What needs to be done |
Set the pictures aside and write down, exactly as they appear, the lines from the one containing "Fabricate în SUA" through the end of the material.
*** Information shown ***
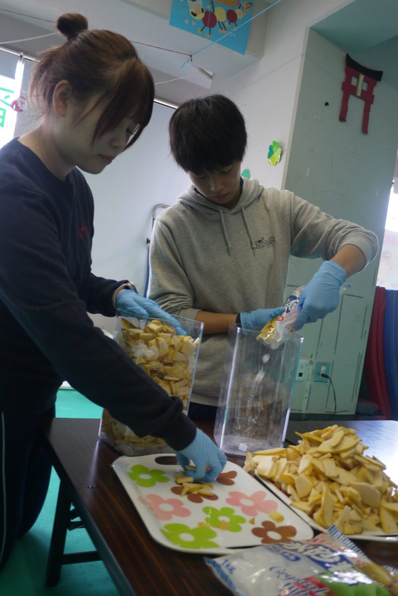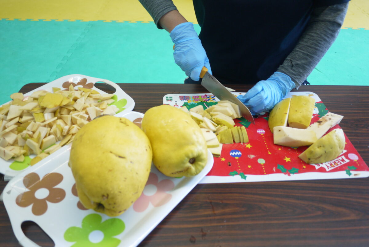 教室に戻ってからは、スタッフが一生懸命カリンをカットして、
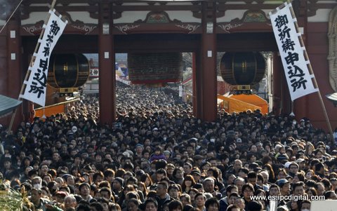 Millones de personas en Japón se desplazaron hacia los templos budistas del país desde la noche del 31 de diciembre para pedir protección y suerte para el Año Nuevo en salud, dinero, negocios, amor, estudios, pareja y etc. En la imagen templos de Tokio abarrotados de gente y comercios ambulantes que venden amuletos para el año que comenzó. (Reuters)
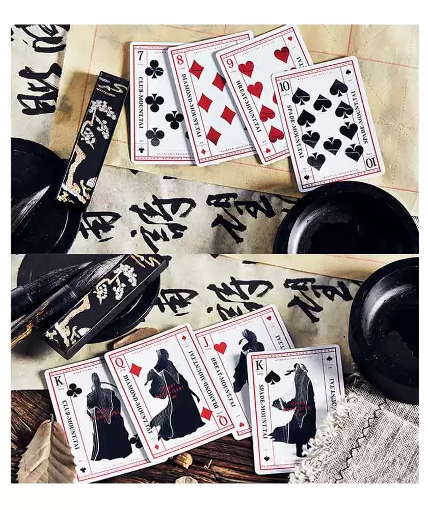 Fabricate în SUA de USPCC, aceste cărți de joc se remarcă prin calitatea tiparului și durabilitatea materialelor, fiind potrivite atât pentru colecționari, cât și pentru utilizarea în jocuri clasice sau magii de nivel avansat. Caligrafia tradițională chineză și simbolurile antice oferă o atmosferă distinctă, ce îmbină estetica cu funcționalitatea.
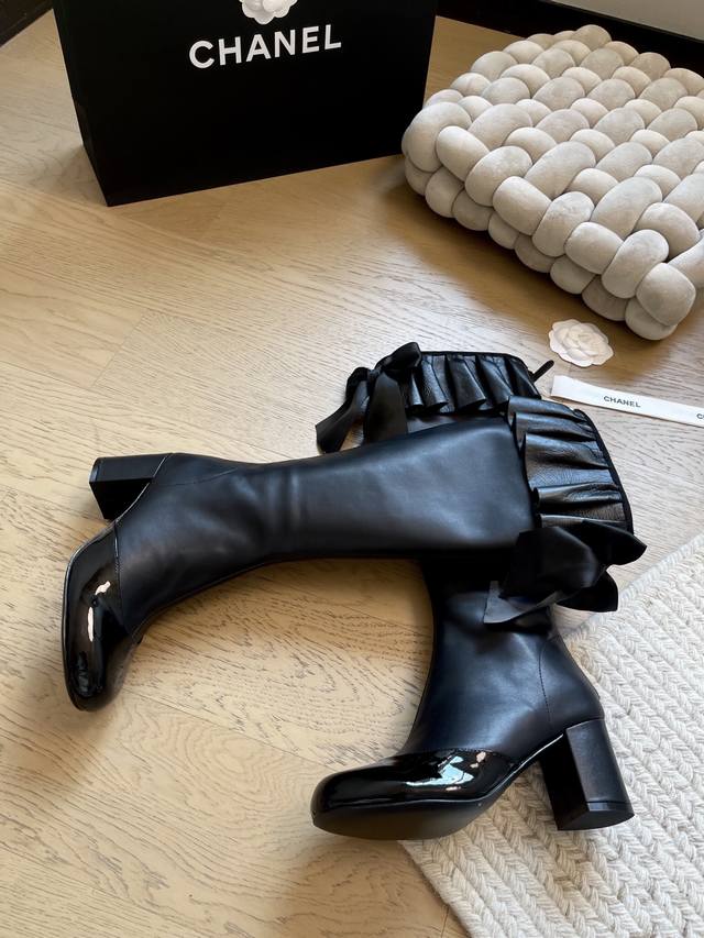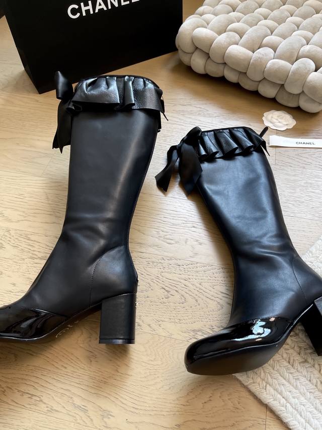 Chanel 25K秋冬粗跟蝴蝶结长短靴系列! 常青款!秋冬必入单品~ 鞋面牛皮 布面 内里进口羊皮 原版防滑大底 跟高6Cm 码数:35-41 34 40 4
*** End of Information shown ***
Written answer |
 Fabricate în SUA de USPCC, aceste cărți de joc se remarcă prin calitatea tiparului și durabilitatea materialelor, fiind potrivite atât pentru colecționari, cât și pentru utilizarea în jocuri clasice sau magii de nivel avansat. Caligrafia tradițională chineză și simbolurile antice oferă o atmosferă distinctă, ce îmbină estetica cu funcționalitatea.
 Chanel 25K秋冬粗跟蝴蝶结长短靴系列! 常青款!秋冬必入单品~ 鞋面牛皮 布面 内里进口羊皮 原版防滑大底 跟高6Cm 码数:35-41 34 40 4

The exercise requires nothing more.